**SUPPLIED MATERIAL**
[Start of Attachment]
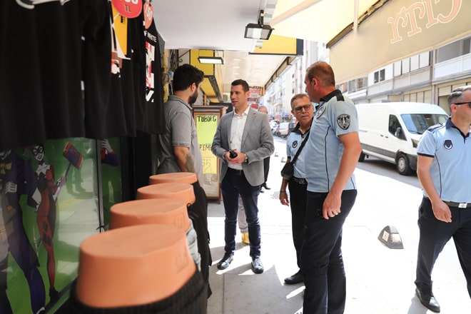 Sahada yürütülen çalışmaya katılan Zabıta Müdürü Ali Balık daha temiz, daha düzenli bir görüntünün yaratılması konusunda esnafla birebir konuştu. Yaya ve araç geçişine engel olan tüm iş yerlerini uyarmaya ve kente bir düzen getirmeye kararlı olduklarının altını çizen Balık, kent estetiğini bozan işgaliye ile mücadeleye ilçenin dört bir yanında devam edeceklerini söyledi. Balık, "Kamuya ait, vatandaşın kullanımına sunulan kaldırımları işgaliyeden temizleme konusunda kararlıyız. Zabıta denetimi bugün var yarın yok anlayışı bitti. Tüm ekiplerimizle gece gündüz denetlemeye devam edeceğiz. Uyarıda bulunduğumuz yerleri de kontrole gideceğiz. Kurallara uymayan, uyarıya direnç gösteren herkese eşit uygulama yapılacak ve kanun gereğince para cezası keseceğiz. Biz ceza kesme taraftarı değiliz ama kurallara uyulmazsa ceza kesmek zorundayız. Biz hem esnafımızın hem vatandaşımızın yanındayız" dedi.
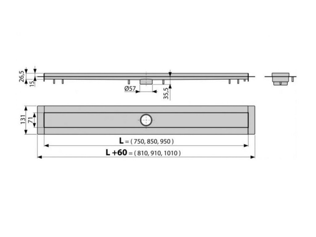 Sprchový žľab MODULAR nerezový - dĺžka 750mm
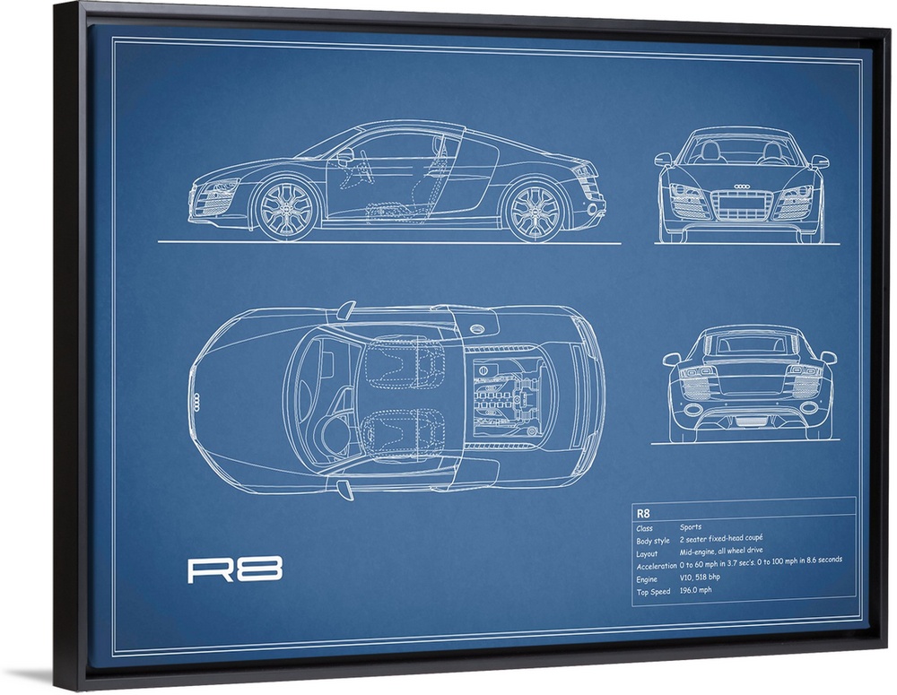 <p>Antique style blueprint diagram of an Audi R8 V10 printed on a Blue background.</p>
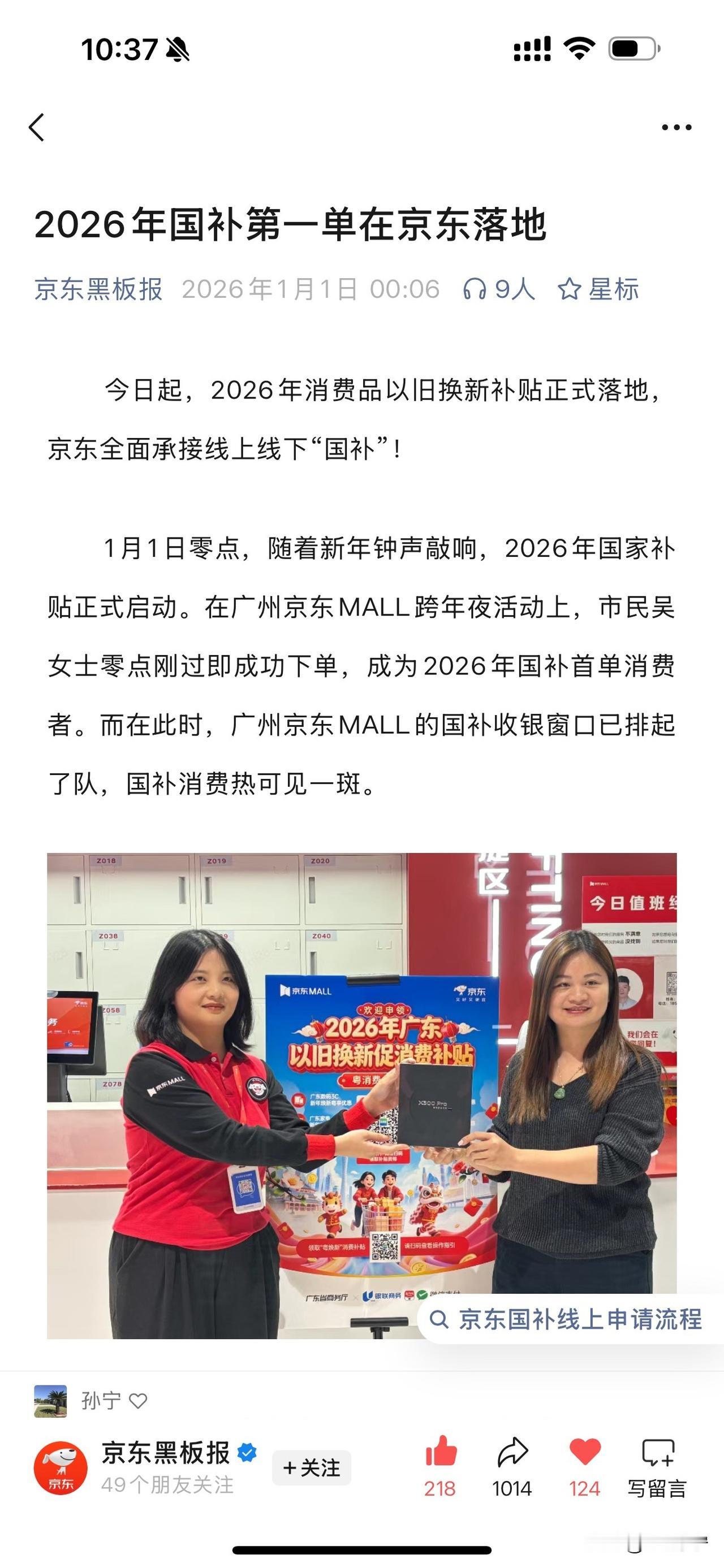 没有朋友,没有欢聚,没有烟花,没有约会,没有购物,没有消费,也没有什么祝福。熬夜过了12点,朋友圈刷完,年就算跨完了,很多的人跨年,真的没有什么仪式感。过节,就像过了一场寂寞。 但是也有越来越多的人开始觉醒,他们要创造自己的仪式感。哪怕为自己准备一份礼物,比如一部手机、一个音响、或者一个包包,一套化妆品。也许不算贵重,但也算为忙碌一年的自己,郑重的说一声“辛苦了”! 比如在广州京东MALL,很多人还在家里刷手机,一位普通消费者吴女士,已经完成了一次特别的选择——她用国家补贴下单了一部手机,成为2026年国补的第一单! 她不是“抢首单”的人,也不是为了上新闻。她只是提前了解到政策,想换一部手机,想在新的一年给自己一点实在的好处,想要过年不那么平淡,想要一份简单的仪式感!原价5999元的手机,国家补贴直接减了500元。那一刻,她开心地说真划算,这种开心,便是对新的新年,最好的交代! 2026年1月1日零点刚过,国家新一轮消费品补贴正式启动,全国第一单国补在京东落地。不是发布会上的数据,也不是PPT里的规划,而是一个普通消费者,在跨年夜下了一单,补贴当场生效,价格立刻降低,实惠和该有的仪式感,一样都不差! 这些年,大家对“好政策”并不陌生,文件里写得很好,解读也很多,但真正让人无力的,是落地那一步。规则复杂、流程绕人、平台推诿,最后往往变成一句:“知道了,但算了。” 而这一次,没有“算了”。 零点一到,系统能用,补贴能抵,线上线下一起跑。5999元的手机,直接减500;一万多的家电,补贴1500,清清楚楚,明明白白。你不用研究半天条款,也不用担心是不是“名额用完”,更不用被来回折腾。 这背后,其实是一种态度。 说句实在的,承接国家政策,平台完全可以只做“形式正确”,挂个入口,喊个口号,剩下的交给消费者自己研究。但京东显然没走这条省事的路。提前准备、全链路配合、线上线下统一标准,把“国补”当成一件必须认真完成的事,而不是一场短期热闹。 所以2026年国补第一单在京东落地!并不意外。它更像是多年习惯的延续——国家政策往下走,京东就往前顶。尤其是在家电、数码、以旧换新这些最贴近普通家庭的领域,真正考验的不是宣传能力,而是执行能力,是你愿不愿意把复杂的事留给自己,把简单的体验留给用户。 很多人其实不是不愿意消费,而是不愿意被消耗。被规则消耗,被流程消耗,被反复确认消耗。当一项政策能让人感觉“被尊重、被照顾、被认真对待”,消费自然会发生。 新年的第一天,国补第一单落地在京东,意义不只在“第一”,而在于它让人重新相信一件事:好政策,只要遇到肯负责的平台,是真的能变成普通人生活里的好消息,更能第一时间把跨年的仪式感,送到千家万户! 跨年不是烟花那一秒,更不是枯燥的朋友圈,而是从新年的第一刻开始,学会补贴自己,爱惜自己。让生活的品质,真的往前走一点点!
[End of Attachment]
Return an exact transcription of the material, with its pictures left out.

**TASK OUTPUT**
 Sahada yürütülen çalışmaya katılan Zabıta Müdürü Ali Balık daha temiz, daha düzenli bir görüntünün yaratılması konusunda esnafla birebir konuştu. Yaya ve araç geçişine engel olan tüm iş yerlerini uyarmaya ve kente bir düzen getirmeye kararlı olduklarının altını çizen Balık, kent estetiğini bozan işgaliye ile mücadeleye ilçenin dört bir yanında devam edeceklerini söyledi. Balık, "Kamuya ait, vatandaşın kullanımına sunulan kaldırımları işgaliyeden temizleme konusunda kararlıyız. Zabıta denetimi bugün var yarın yok anlayışı bitti. Tüm ekiplerimizle gece gündüz denetlemeye devam edeceğiz. Uyarıda bulunduğumuz yerleri de kontrole gideceğiz. Kurallara uymayan, uyarıya direnç gösteren herkese eşit uygulama yapılacak ve kanun gereğince para cezası keseceğiz. Biz ceza kesme taraftarı değiliz ama kurallara uyulmazsa ceza kesmek zorundayız. Biz hem esnafımızın hem vatandaşımızın yanındayız" dedi.
 Sprchový žľab MODULAR nerezový - dĺžka 750mm
 <p>Antique style blueprint diagram of an Audi R8 V10 printed on a Blue background.</p>
 没有朋友,没有欢聚,没有烟花,没有约会,没有购物,没有消费,也没有什么祝福。熬夜过了12点,朋友圈刷完,年就算跨完了,很多的人跨年,真的没有什么仪式感。过节,就像过了一场寂寞。 但是也有越来越多的人开始觉醒,他们要创造自己的仪式感。哪怕为自己准备一份礼物,比如一部手机、一个音响、或者一个包包,一套化妆品。也许不算贵重,但也算为忙碌一年的自己,郑重的说一声“辛苦了”! 比如在广州京东MALL,很多人还在家里刷手机,一位普通消费者吴女士,已经完成了一次特别的选择——她用国家补贴下单了一部手机,成为2026年国补的第一单! 她不是“抢首单”的人,也不是为了上新闻。她只是提前了解到政策,想换一部手机,想在新的一年给自己一点实在的好处,想要过年不那么平淡,想要一份简单的仪式感!原价5999元的手机,国家补贴直接减了500元。那一刻,她开心地说真划算,这种开心,便是对新的新年,最好的交代! 2026年1月1日零点刚过,国家新一轮消费品补贴正式启动,全国第一单国补在京东落地。不是发布会上的数据,也不是PPT里的规划,而是一个普通消费者,在跨年夜下了一单,补贴当场生效,价格立刻降低,实惠和该有的仪式感,一样都不差! 这些年,大家对“好政策”并不陌生,文件里写得很好,解读也很多,但真正让人无力的,是落地那一步。规则复杂、流程绕人、平台推诿,最后往往变成一句:“知道了,但算了。” 而这一次,没有“算了”。 零点一到,系统能用,补贴能抵,线上线下一起跑。5999元的手机,直接减500;一万多的家电,补贴1500,清清楚楚,明明白白。你不用研究半天条款,也不用担心是不是“名额用完”,更不用被来回折腾。 这背后,其实是一种态度。 说句实在的,承接国家政策,平台完全可以只做“形式正确”,挂个入口,喊个口号,剩下的交给消费者自己研究。但京东显然没走这条省事的路。提前准备、全链路配合、线上线下统一标准,把“国补”当成一件必须认真完成的事,而不是一场短期热闹。 所以2026年国补第一单在京东落地!并不意外。它更像是多年习惯的延续——国家政策往下走,京东就往前顶。尤其是在家电、数码、以旧换新这些最贴近普通家庭的领域,真正考验的不是宣传能力,而是执行能力,是你愿不愿意把复杂的事留给自己,把简单的体验留给用户。 很多人其实不是不愿意消费,而是不愿意被消耗。被规则消耗,被流程消耗,被反复确认消耗。当一项政策能让人感觉“被尊重、被照顾、被认真对待”,消费自然会发生。 新年的第一天,国补第一单落地在京东,意义不只在“第一”,而在于它让人重新相信一件事:好政策,只要遇到肯负责的平台,是真的能变成普通人生活里的好消息,更能第一时间把跨年的仪式感,送到千家万户! 跨年不是烟花那一秒,更不是枯燥的朋友圈,而是从新年的第一刻开始,学会补贴自己,爱惜自己。让生活的品质,真的往前走一点点!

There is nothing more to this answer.